Retrobiosynthesis tools harness the inherent promiscuities of enzymes for the de novo design of novel biosynthetic pathways to key small molecules. Many existing pathway search algorithms rely on exhaustively enumerating the space of all possible enzymatic reactions using generalized rules, followed by an extensive analysis of the ensuing reaction network to extract candidate pathways for experimental validation. While this approach is comprehensive, many false positive reactions are often generated given the permissiveness of such reaction rules. Here, we have developed DORA-XGB, a enzymatic reaction feasibility classifier.
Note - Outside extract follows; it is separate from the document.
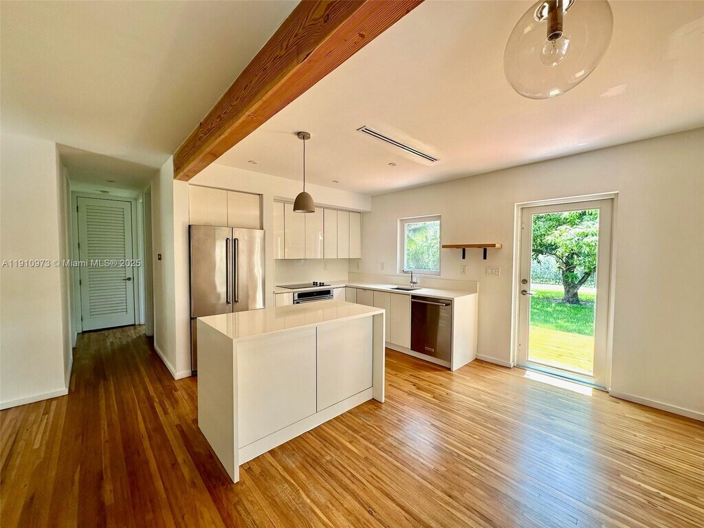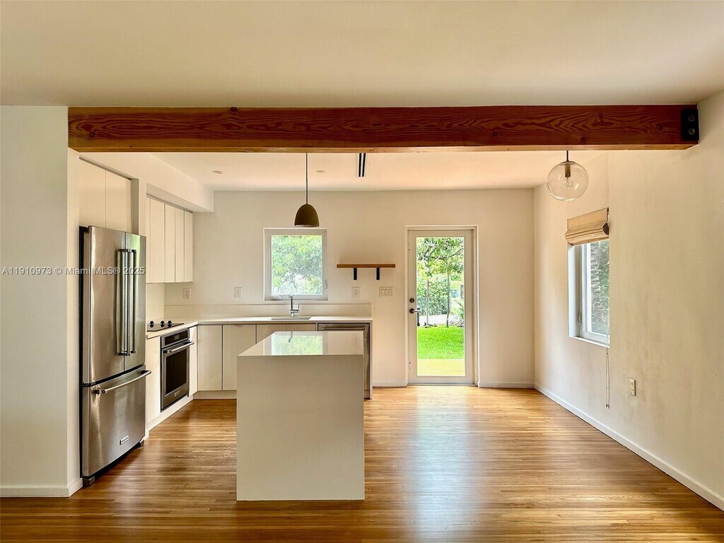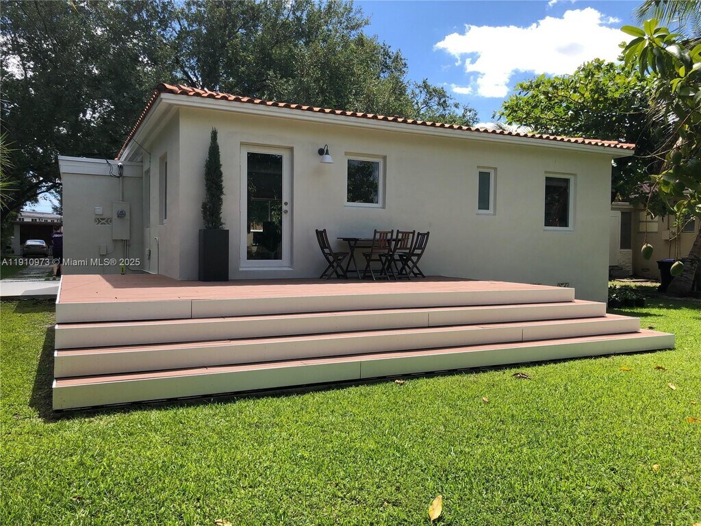 Seize the opportunity to reside in this exquisitely upgraded home on a spacious lot in Miami Springs. This residence features refinished original oak wood floors, an open-concept kitchen with new stainless steel appliances, quartz countertops, and modern cabinetry. Enjoy the convenience of a washer and dryer, new A/C, and updated plumbing and electrical systems. Each bedroom includes built-in closets, and the bathroom is fully renovated. The home also has hurricane impact doors and windows. Outside, find a storage room, front and back decks, a mango tree, and several coconut trees. Schedule your private showing today! Note: Lawn care is the tenant's responsibility, $60 every two weeks.

DORA-XGB can be used within our DORAnet framework to assess whether newly enumerated enzymatic reactions and pathways would be feasible. To curate a training dataset for our model, we extracted enzymatic reactions from public databases and screened them for their general thermodynamic feasibility. We then considered alternate reaction centers on known substrates to strategically generate infeasible reactions with high confidence, thereby circumventing the lack of negative data in the literature. In training our model, we also experimented with various molecular fingerprinting techniques and configurations for assembling reaction fingerprints, taking into account not just primary substrate and primary product structures, but cofactor structures as well. Our model's utility is demonstrated through favorable benchmarking against a previously published classifier, the successful recovery of newly published reactions, and the ranking of previously predicted pathways for the biosynthesis of propionic acid from pyruvate.

Abstract Image

查看原文
分享 分享
微信好友 朋友圈 QQ好友 复制链接
本刊更多论文
DORA-XGB:一种改进的酶促反应可行性分类器,使用一种新的合成数据方法训练†
逆转录生物合成工具利用酶固有的混杂性来重新设计新的生物合成途径,以获得关键的小分子。许多现有的途径搜索算法依赖于使用广义规则详尽地枚举所有可能的酶促反应的空间,然后对随后的反应网络进行广泛分析,以提取候选途径进行实验验证。虽然这种方法是全面的,但由于这种反应规则的宽容,经常会产生许多假阳性反应。在这里,我们开发了DORA-XGB,一个酶反应可行性分类器。DORA-XGB可以在我们的DORAnet框架内使用,以评估新列举的酶促反应和途径是否可行。为了为我们的模型建立一个训练数据集,我们从公共数据库中提取酶反应,并对它们进行一般热力学可行性筛选。然后,我们考虑了已知底物上的替代反应中心,以高置信度有策略地产生不可行的反应,从而避免了文献中缺乏负面数据。在训练我们的模型时,我们还尝试了各种分子指纹技术和配置来组装反应指纹,不仅考虑了主要的底物和主要的产物结构,还考虑了辅因子结构。通过对先前发表的分类器进行有利的基准测试,成功恢复新发表的反应,以及先前预测的丙酮酸生物合成丙酸途径的排名,证明了我们模型的实用性。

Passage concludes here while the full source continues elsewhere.